Plusieurs équipes voient dans cette recherche d’amélioration
de fonctionnement du « hub francilien » le point d’appui de la recherche de la localisation privilégiée des « polycentres », « commutateurs » ou autres agrégats fonctionnels …
On peut même dire qu’il y a deux écoles : La première privilégie un peu plus la localisation de ces polarités en tenant compte de l’accessibilité internationale, la deuxième privilégie un peu plus la facilité d’accès des polarités entre elles.
(2) Quelle est la philosophie d’organisation générale des grandes
infrastructures de déplacements ?
Deux positions extrêmes opposent deux catégories d’équipes suivant qu’elles mettent ou non le gain de temps au centre de leur préoccupation :
Une première catégorie d’équipes, de loin la plus nombreuse, … continue de penser l’organisation de la mobilité d’abord comme la définition d’un ensemble d’infrastructures donnant à chaque lieu une accessibilité suffisante dans la région et permettant de gagner du temps.
Mais cette philosophie rate toujours ses objectifs : les efforts pour améliorer l’offre en transport courent toujours après les besoins inconsciemment induits par cette offre.
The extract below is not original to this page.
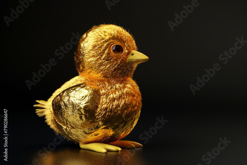 Obraz premium Golden Easter chick with shiny gold texture, isolated on black.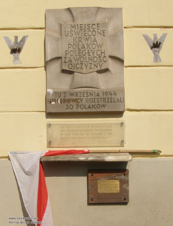 Текст: «Місце, освячене кров’ю поляків, які полягли за свободу Батьківщини. Тут 2 вересня 1944 року фашисти розстріляли 30 поляків».

Dans cette catégorie, seule l’équipe Rogers envisage un péage à la londonienne.
Une deuxième catégorie constituée par les deux équipes (Grumbach, Descartes) … partage l’approche que résume assez bien le terme de « chronoaménagement ». Pour ces équipes, il convient de moduler les vitesses et les accessibilités pour pouvoir contrarier le dérapage de la formation des prix immobiliers …
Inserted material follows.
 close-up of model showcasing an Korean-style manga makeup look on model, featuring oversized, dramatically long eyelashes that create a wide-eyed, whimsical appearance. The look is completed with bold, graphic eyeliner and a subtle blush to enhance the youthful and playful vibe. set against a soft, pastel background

L’équipe Grumbach conçoit un réseau ferroviaire régional à deux échelles (TGV et classique).
L’équipe Descartes, plus centrée, sur l’Île-de-France reconnaîtra que l’essaimage des fonctions métropolitaines en périphérie proche nécessitera certainement localement des niveaux de services plus élevés que les réseaux tram ou métro actuel.
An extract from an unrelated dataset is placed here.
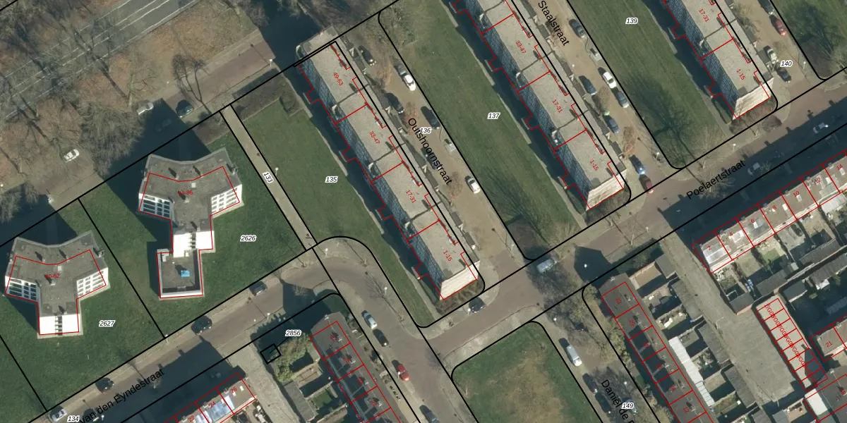 Het perceel waarop Outshoornstraat 19 staat heeft een oppervlakte van 1722 m². Dit is een zeer groot perceel. De perceeloppervlakte wordt geregistreerd door het Kadaster. Gedetailleerde informatie over de maten van dit perceel kunt u vinden in het rapport Kadastrale kaart met maatvoering van Outshoornstraat 19.

Entre les deux positions, l’équipe Portzamparc formalise différemment sa recherche d’un compromis.
Cette équipe adopte un point de vue assez proche de la première catégorie d’équipe mais sans être aussi systématique dans le quadrillage des transports collectifs, et surtout en prônant de bien veiller à éviter un éparpillement excessif de l’emploi.
Son diagnostic serait plutôt de considérer (s’appuyant sur l’analyse de Laurent Davezies) que cet éparpillement est la source principale d’un affaiblissement de la performance économique de la région.
(3) Quelle relation entre l’articulation de l’organisation des mobilités et de
l’agencement urbain du point de vue de la durabilité ?
La question de la taille
C’est en fait la mobilité facilitée qui, depuis environ cinquante ans dans les pays développés, permit à la ville de se redéployer. Les logiques de localisation des ménages et des entreprises étant différentes, la facilité supplémentaire à se mouvoir n’engendre pas le rapprochement de l’emploi et de l’habitat mais au contraire leur éloignement.
Certains ménages s’éloignent par choix, et d’autres par obligation, ne trouvant rien qui leur convienne prés de leur emploi.
Parallèlement certaines entreprises continuent de se concentrer là où l’habitat est déjà insuffisant, même si globalement l’emploi est
moins concentré qu’autrefois.
De ce fait, rendre la mobilité plus facile ne fait plus ni gagner de temps ni ne réduit le coût du logement. Tout fonctionne à la limite du supportable, mais fonctionne.
Chacun peut alors constater que pour avoir un travail pas mieux payé, le coût du logement est plus élevé (plus petit, moins confortable ou plus loin), et le temps comme le coût d’accès au travail également.
Cette qualité résidentielle plus faible que dans d’autres villes réagit sur l’attractivité de la région tant pour les entreprises que pour les ménages.
Elle accélère le départ des retraités et de certains actifs, ou suscite une désindustrialisation (du fait du coût de la main d’oeuvre « qu’implique » coûts des logements et des transports) engendrant des délocalisations de plus en plus éloignées. Il s’agit plus d’une stagnation que d’une
décroissance.
Mais c’est une donnée nouvelle pour les très grandes agglomérations des
pays développés qui étaient habituées à se développer plus vite que les petites. Plus la ville s’accroît en se ségrégant, plus les besoins de mobilités s’accroissent et sont coûteux à satisfaire.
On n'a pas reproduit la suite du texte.